Vesna lives in London and is currently writing her first novel.
In Bluebird – a memoir, she writes:
‘The British had, understandably, expected something a little more like ‘proper’ refugees: people suffering, hardship visible on their faces, clothes torn and wrinkled, children’s eyes crusted with tears. Dragan wove through the crowd, closely inspecting everyone’s outfits by pinching a shirt, a skirt or a trouser between two fingers, rubbing it to feel its quality, a look of disgust on his face. It seemed we were well below standard. But the unspoken motto of these Bosnian mothers was: ‘If we are going to be refugees, lets not advertise our misery, let us at least look good’, and I could understand how they felt. It’s not easy suddenly becoming a refugee.’
‘It seemed to me that we, the victims, and they, the rescuers, would have perfectly defined roles, and I imagined us swimming together in the comforting sea of empathy. I didn’t yet understand what I came to understand later – that between a rescuer and a victim stands human nature and aside from empathy, there are self-righteousness, expectations, self-fulfilment, ad roles which at first are defined and clearly demarcated often become muddled and intertwined.’
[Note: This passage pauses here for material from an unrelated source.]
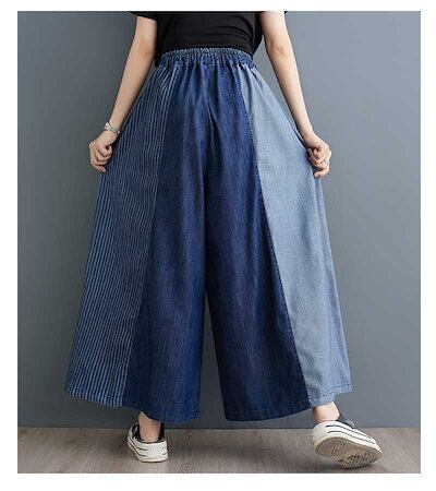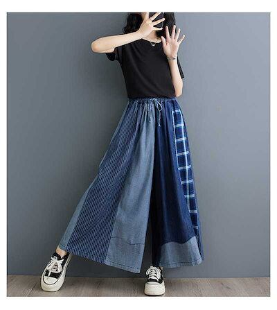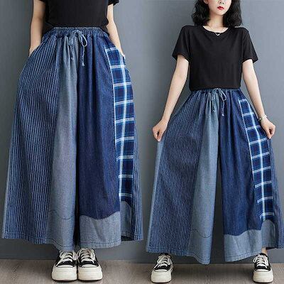 「ファットガール」 2024夏新品 レトロ デニム ドッキング ワイドパンツ フレア 大きいサイズ 巾着 ゴム 体型カバー レディース キュロットスカート ロングパンツ メガ割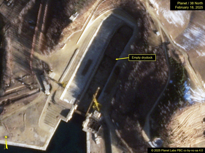 According to 38 North on February 19, the submarine was first moved to the dry dock in mid-May 2024, and by July, a protective covering was installed over it.

– Excerpts from ‘Bluebird – a memoir’, 2009
Between 1991 to 2001 various conflicts were fought on the territory of former Yugoslavia. The wars accompanied the breakup of the country and are generally considered to be a series of largely separate but related military conflicts occurring in and affecting most of the former Yugoslav republics, including Croatia and the multi-ethnic Bosnia and Herzegovina.
There was a 71% increase in asylum applications from 1990 to 1991, due to an increase in applications from Zaire, Angola, Pakistan and Ghana. The pressure of these rising numbers and increased demand upon housing and welfare in areas of settlement led to the introduction of a more coordinated approach. The 1993 Asylum and Immigration Appeals Act therefore became the first piece of primary legislation in the UK to deal specifically with asylum. It was designed to increase decision making and deal with the backlog of asylum cases. It introduced finger-printing for asylum seekers, reduced rights to housing, denied entry to those who had travelled via a ‘safe third country’, and made it compulsory to apply for asylum on arrival.